--- Source data ---

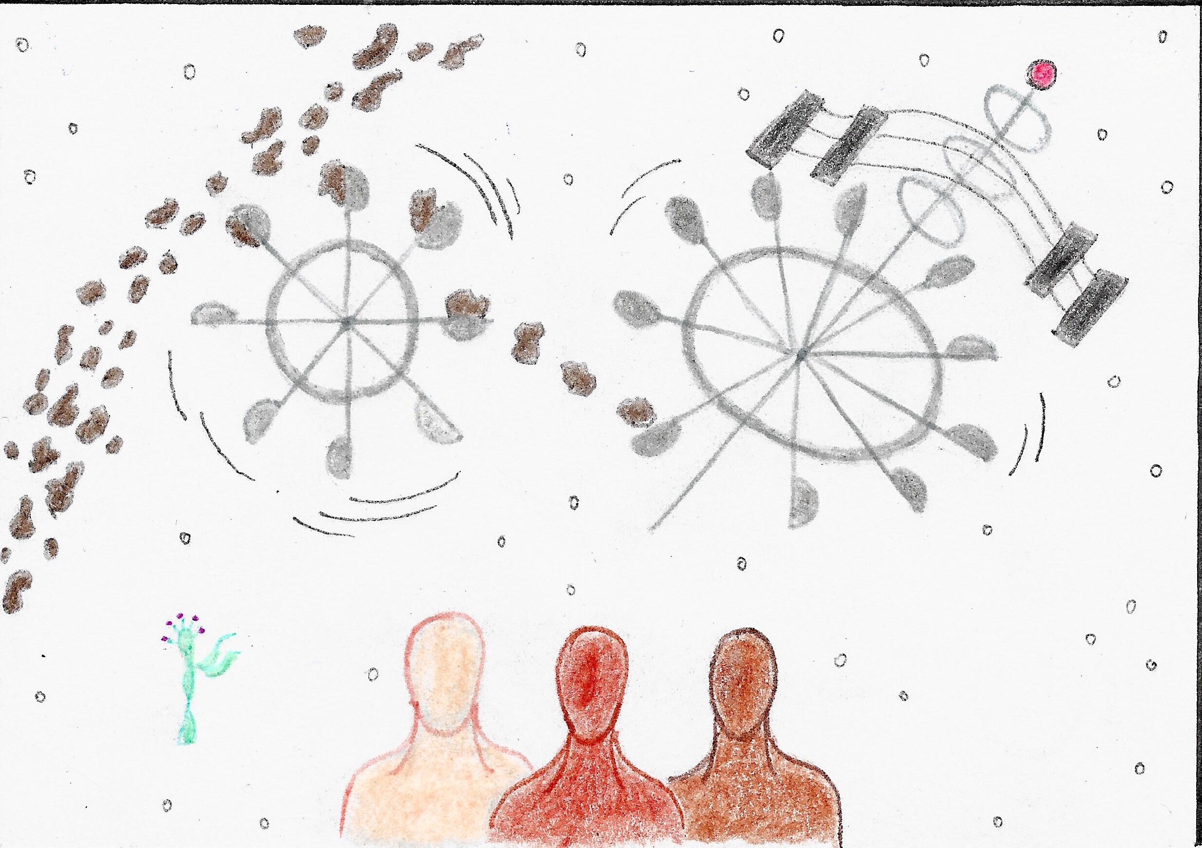 adaptation, bicycle, bicycles, bikes, biking, climate, climate change, climate crisis, conceptual, cycling, design, drawing, earth, emissions-free transport, engineering, exercise, fitness, future, global heating, global warming, green transport, gyroscope, hope, humanity, humans, ideas, inventions, life, locomotion, machines, mechanics, people, personal transport, prototype, resilience, science, speculative, sustainability, technology, transport, vehicles, zero-emissions transport
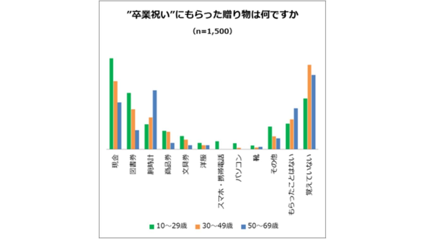 Next are "graduation gifts" given by family and relatives to celebrate graduation from elementary, junior high, high school, etc. When asked to select multiple answers about the gifts they had received as "graduation presents" in the past, the most common answer among those aged 50-69 was "wristwatches," while the most common answer among those aged 18-29 and 30-49 was "cash," indicating that in recent years, "graduation presents" have shifted from physical items to money. The top choices by age group were "cash," "book voucher," and "wristwatch" for those aged 18-29, "cash," "book voucher," and "wristwatch" for those aged 30-49, and "wristwatch," "cash," and "book voucher" for those aged 50-69. This shows that the most popular gifts for "graduation celebrations" are "cash," "book voucher," and "wristwatch."Among those aged 18 to 29, gifts such as "smartphones/cell phones" and "computers" were also chosen.
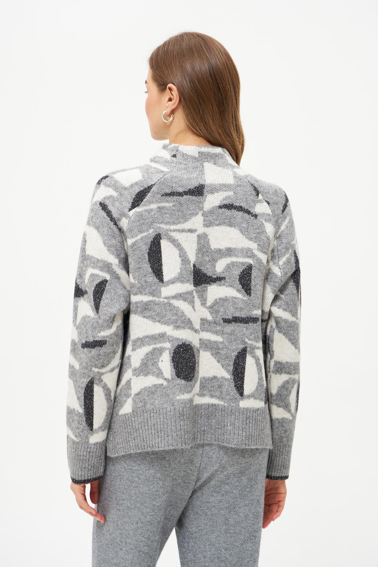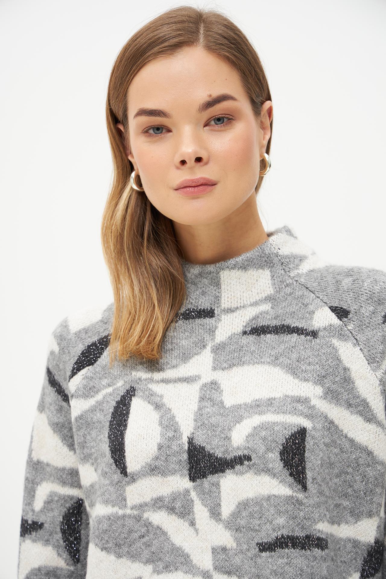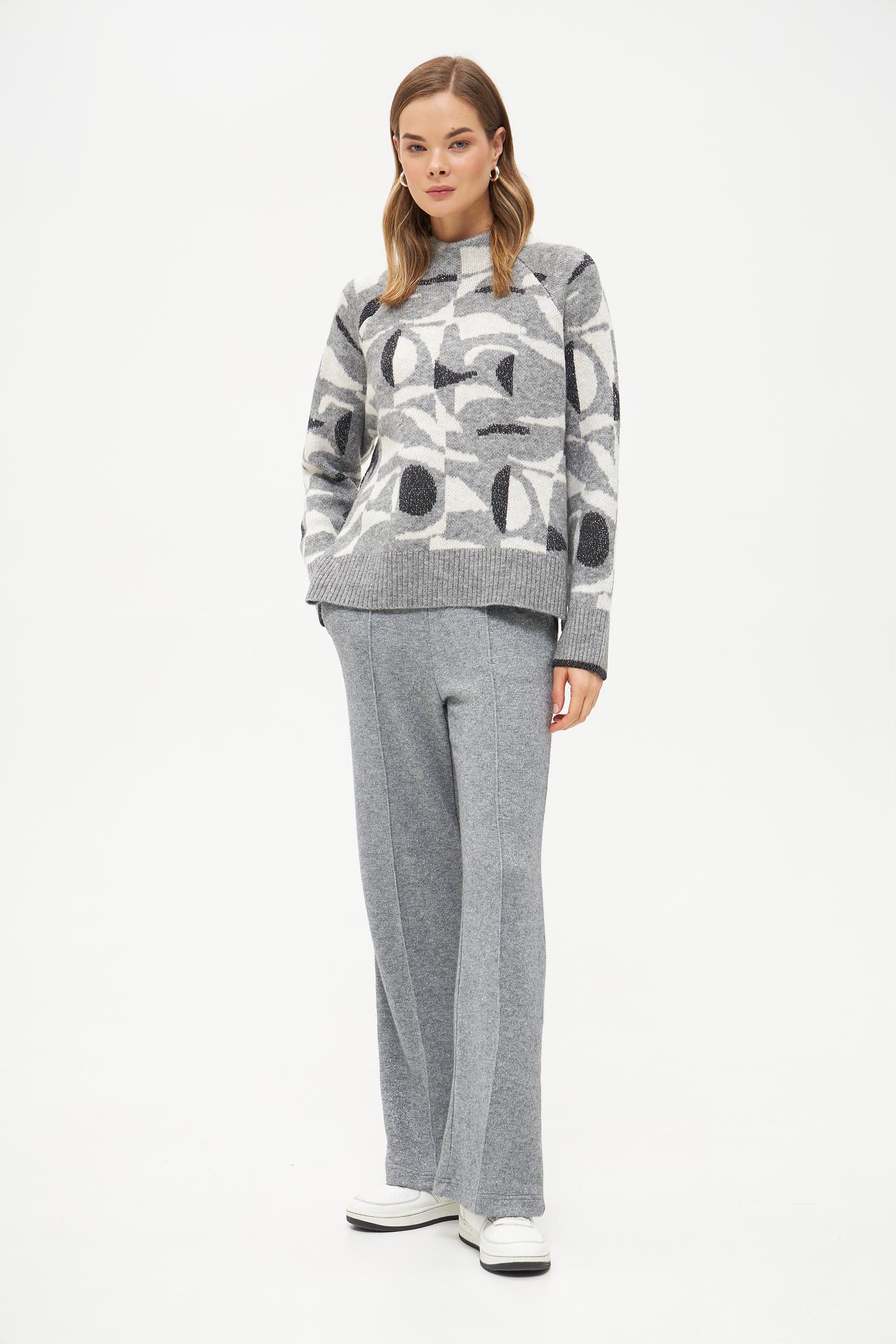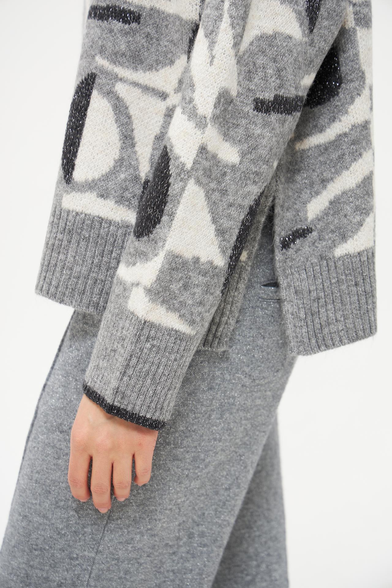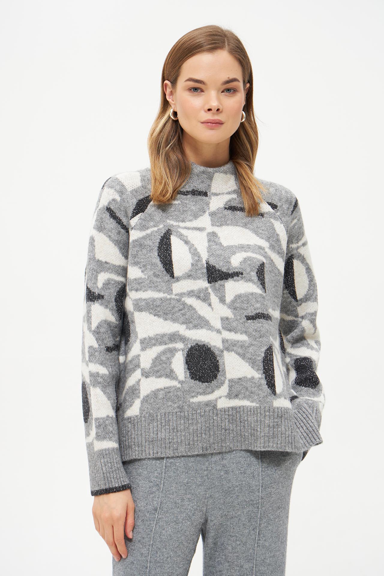 Стильный пуловер от Lecomte с оригинальным геометрическим принтом станет изюминкой вашего гардероба. Модель выполнена в универсальной серой цветовой гамме с добавлением мерцающей нити, что придает образу особую элегантность.
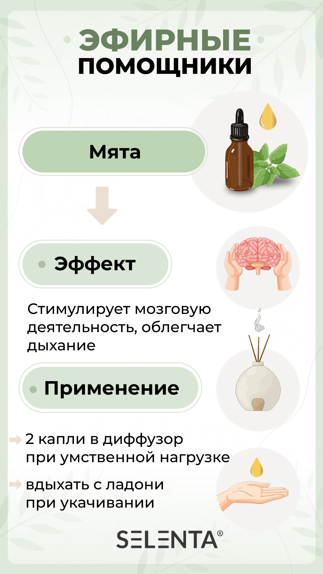 Натуральное эфирное масло переведенное в водорастворимую форму добавлением пищевого солюбилизатора. Эфирное масло Мяты в ароматерапии применяется для снятия болевого синдрома, усталости, релаксации, а также эмоционального очищения и поднятия настроения даже в самой сложной ситуации. Косметологи с помощью него успокаивают воспалённую кожу, минимизируют выработку себума, освежают и тонизируют. Мятное масло обладает освежающими, успокаивающими, противогрибковыми, тонизирующими, дезинфицирующими, противомикробными, спазмолитическими, бактерицидными, сосудорасширяющими, антисептическими, жаропонижающими, желчегонными, мочегонными, отхаркивающими свойствами. В быту используется для отпугивания комаров и мышей. Рекомендована мята в виде эфирного масла при: герпесе, укачивании, тошноте и рвоте, завоеваниях желудка, головных болях и мигренях, приступах астмы, болезненных менструациях и ПМС.
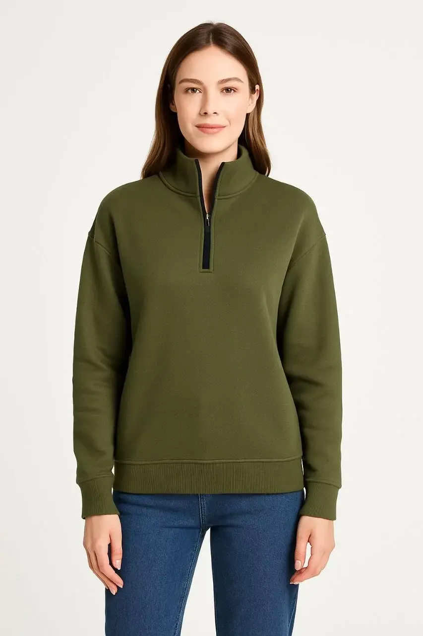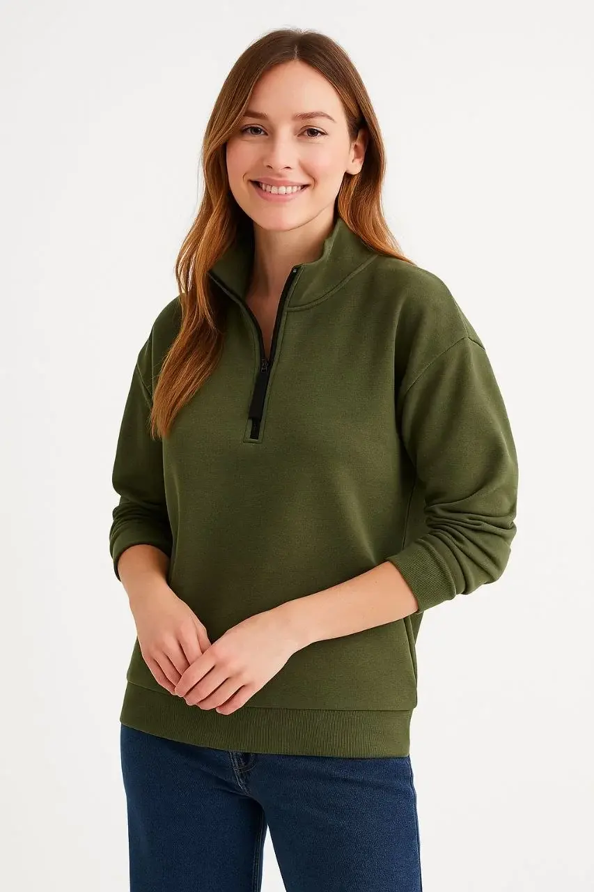 Kadın Üç İplik Dık Yaka Yarım Fermuarlı SweatShirt - Haki
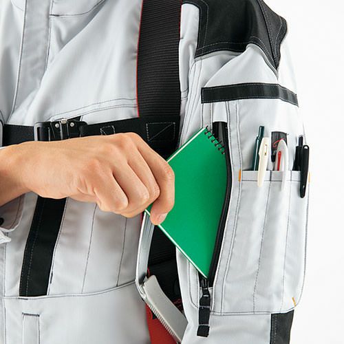 フルハーネス装着時も高い運動性を発揮するプロ仕様 3D立体裁断&ストレッチ素材で腕が動かしやすい数多くのポケットを活用できて収納力に優れているハーネスが触れる部分を磨耗耐久素材使用して強化
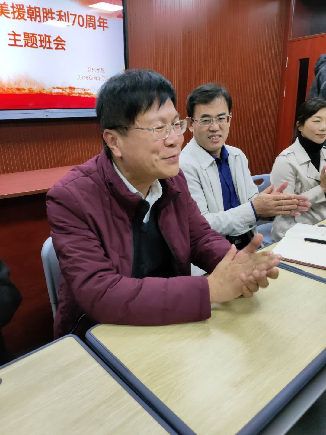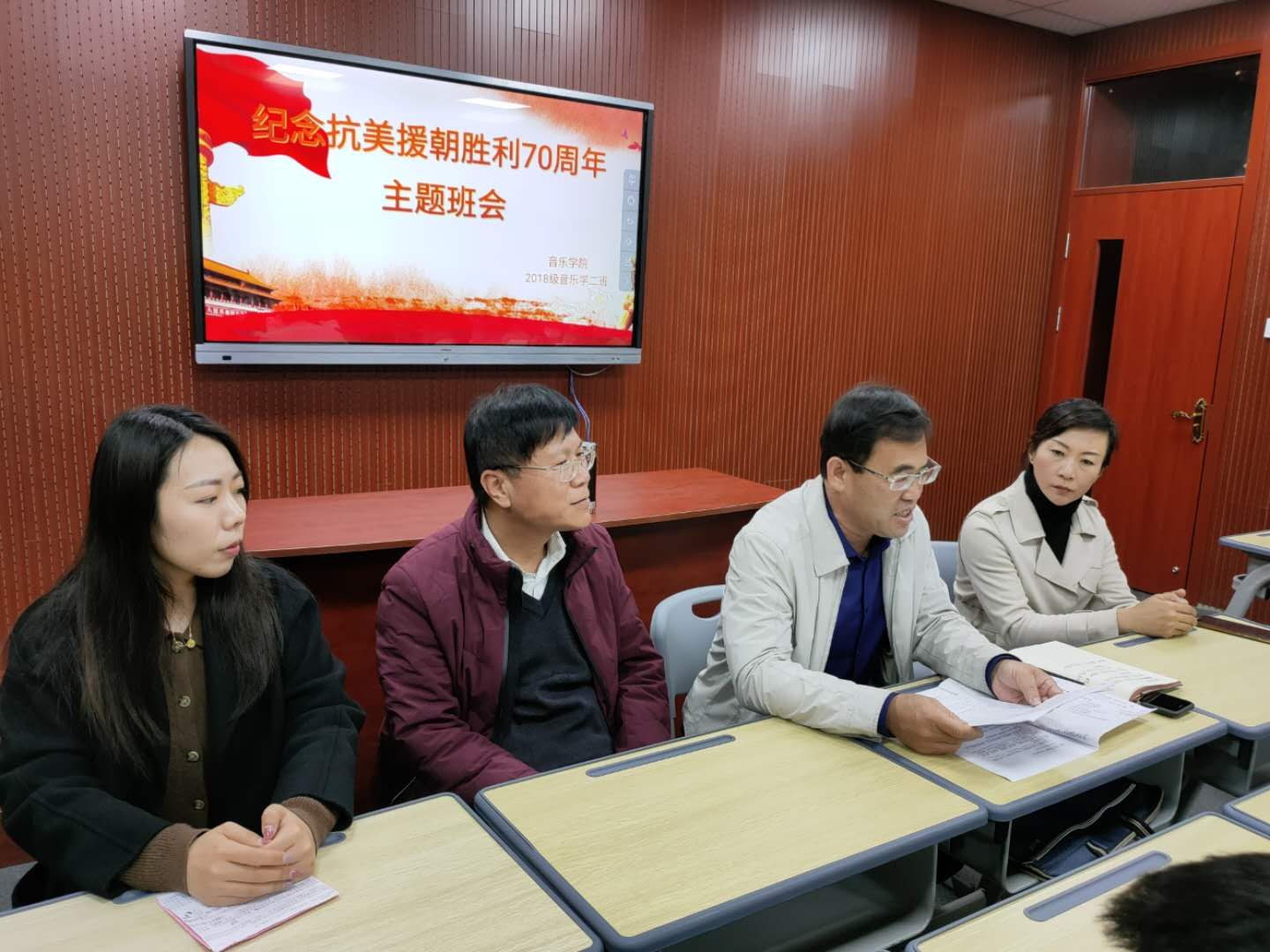 为推进建立健全领导干部常态化联系学生工作机制,加强学生思想政治教育,11月1日,基建处处长翟彦民深入英国正版365首页,参加指导了2018级音乐学二班“纪念抗美援朝70周年”主题班会。党总支书记刘志华,党总支副书记贺昱,2018级音乐学二班班主任李曼宁及全体学生参加了本次班会。

---

Work instruction:
The full listing above, duplicated exactly and without its pictures, is the answer.

Expected answer:
 adaptation, bicycle, bicycles, bikes, biking, climate, climate change, climate crisis, conceptual, cycling, design, drawing, earth, emissions-free transport, engineering, exercise, fitness, future, global heating, global warming, green transport, gyroscope, hope, humanity, humans, ideas, inventions, life, locomotion, machines, mechanics, people, personal transport, prototype, resilience, science, speculative, sustainability, technology, transport, vehicles, zero-emissions transport
 Next are "graduation gifts" given by family and relatives to celebrate graduation from elementary, junior high, high school, etc. When asked to select multiple answers about the gifts they had received as "graduation presents" in the past, the most common answer among those aged 50-69 was "wristwatches," while the most common answer among those aged 18-29 and 30-49 was "cash," indicating that in recent years, "graduation presents" have shifted from physical items to money. The top choices by age group were "cash," "book voucher," and "wristwatch" for those aged 18-29, "cash," "book voucher," and "wristwatch" for those aged 30-49, and "wristwatch," "cash," and "book voucher" for those aged 50-69. This shows that the most popular gifts for "graduation celebrations" are "cash," "book voucher," and "wristwatch."Among those aged 18 to 29, gifts such as "smartphones/cell phones" and "computers" were also chosen.
 Стильный пуловер от Lecomte с оригинальным геометрическим принтом станет изюминкой вашего гардероба. Модель выполнена в универсальной серой цветовой гамме с добавлением мерцающей нити, что придает образу особую элегантность.
 Натуральное эфирное масло переведенное в водорастворимую форму добавлением пищевого солюбилизатора. Эфирное масло Мяты в ароматерапии применяется для снятия болевого синдрома, усталости, релаксации, а также эмоционального очищения и поднятия настроения даже в самой сложной ситуации. Косметологи с помощью него успокаивают воспалённую кожу, минимизируют выработку себума, освежают и тонизируют. Мятное масло обладает освежающими, успокаивающими, противогрибковыми, тонизирующими, дезинфицирующими, противомикробными, спазмолитическими, бактерицидными, сосудорасширяющими, антисептическими, жаропонижающими, желчегонными, мочегонными, отхаркивающими свойствами. В быту используется для отпугивания комаров и мышей. Рекомендована мята в виде эфирного масла при: герпесе, укачивании, тошноте и рвоте, завоеваниях желудка, головных болях и мигренях, приступах астмы, болезненных менструациях и ПМС.
 Kadın Üç İplik Dık Yaka Yarım Fermuarlı SweatShirt - Haki
 フルハーネス装着時も高い運動性を発揮するプロ仕様 3D立体裁断&ストレッチ素材で腕が動かしやすい数多くのポケットを活用できて収納力に優れているハーネスが触れる部分を磨耗耐久素材使用して強化
 为推进建立健全领导干部常态化联系学生工作机制,加强学生思想政治教育,11月1日,基建处处长翟彦民深入英国正版365首页,参加指导了2018级音乐学二班“纪念抗美援朝70周年”主题班会。党总支书记刘志华,党总支副书记贺昱,2018级音乐学二班班主任李曼宁及全体学生参加了本次班会。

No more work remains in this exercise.